On Sun, Aug 23, 2020 at 12:27 AM Joerg Sonnenberger via llvm-dev
<llvm-dev at lists.llvm.org> wrote:>
> On Sat, Aug 22, 2020 at 10:59:51AM +0200, Nicolai Hähnle wrote:
> > On Sat, Aug 22, 2020 at 2:52 AM Joerg Sonnenberger via llvm-dev
> > <llvm-dev at lists.llvm.org> wrote:
> > >
> > > On Fri, Aug 21, 2020 at 11:51:18PM +0200, Nicolai Hähnle wrote:
> > > > On Tue, Aug 18, 2020 at 1:27 AM Joerg Sonnenberger via
llvm-dev
> > > > <llvm-dev at lists.llvm.org> wrote:
> > > > > On Fri, Aug 14, 2020 at 10:42:02AM -0700, JF Bastien
via llvm-dev wrote:
> > > > > > We (C, C++, and LLVM) are generally moving towards
supporting FP as a
> > > > > > first-class thing with all atomic operations †,
including cmpxchg.

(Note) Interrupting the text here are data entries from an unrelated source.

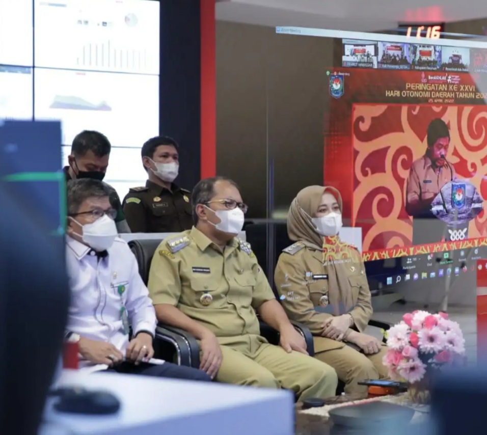 BN Online, Makassar—Wali Kota Makassar Moh. Ramdhan “Danny” Pomanto bersama Wakilnya, Fatmawati Rusdi mengikuti Peringatan Hari Otonomi Daerah ke – XXVI yang digelar Kementrian Dalam Negeri (Kemendagri) secara virtual dari War Room lantai 10 Menara Kantor Balaikota. Senin (25/4/2022).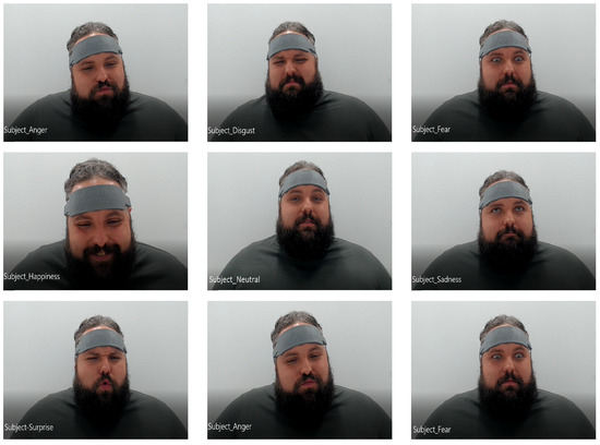 An array of representative facial expressions of a participant’s seven emotions: Anger, Disgust, Fear, Happiness, Sadness, Surprise, and Neutral. The participant gave his consent to share his images.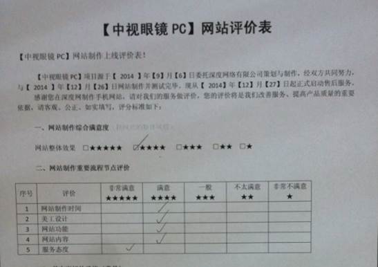 廣州中視眼鏡營銷型網(wǎng)站上線確認表: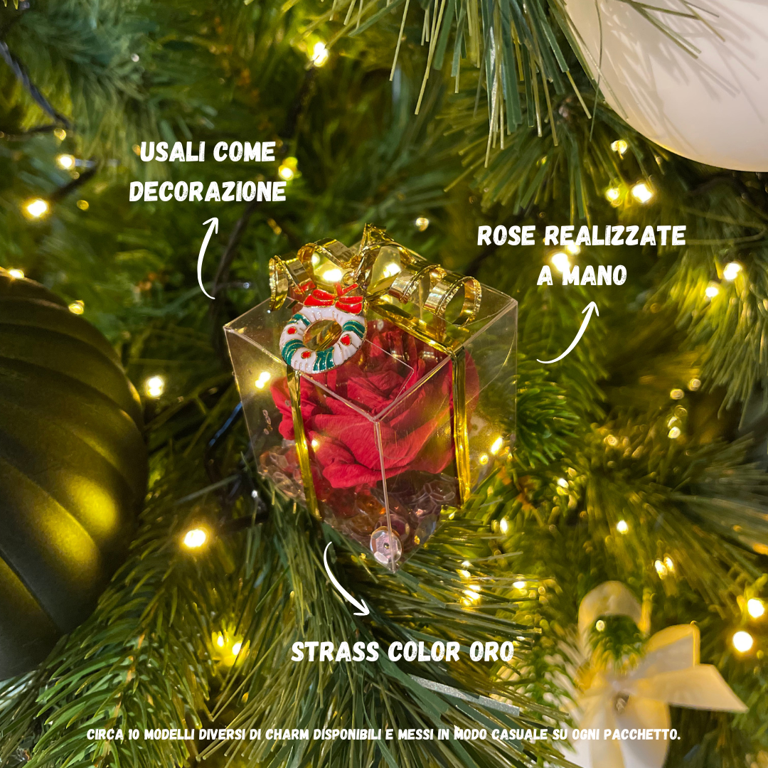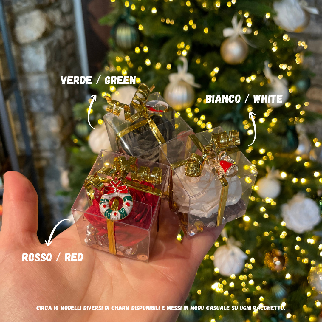Mini pacchetto natalizio con rosa realizzata a mano e strass oro (dim. 4x4x4cm), realizzati da Star Model Toys! Usali come piccoli segnaposto o come ornamenti e decorazioni natalizie. Rendi il tuo Natale ancora più unico con questa piccola idea regalo! Ogni pacchetto è impreziosito da un charm a tema, ogni charm è unico e differente!

It’s
> > > > > > indeed *usually* specified as a bitwise
comparison, not a floating-point
> > > > > > one, although IIRC AMD has an FP cmpxchg.
Similarly, some of the
> > > > > > operations are allowed to have separate FP state
(say, atomic add won’t
> > > > > > necessarily affect the scalar FP execution’s
exception state, might
> > > > > > have a different rounding mode, etc).
> > > > >
> > > > > We don't really FP cmpxchg in hardware to implement
it, do we? It can be
> > > > > lowered as load, FP compare, if not equal cmpxchg load?
> > > >
> > > > Two points here:
> > > >
> > > > 1. Hardware with native fcmpxchg already exists.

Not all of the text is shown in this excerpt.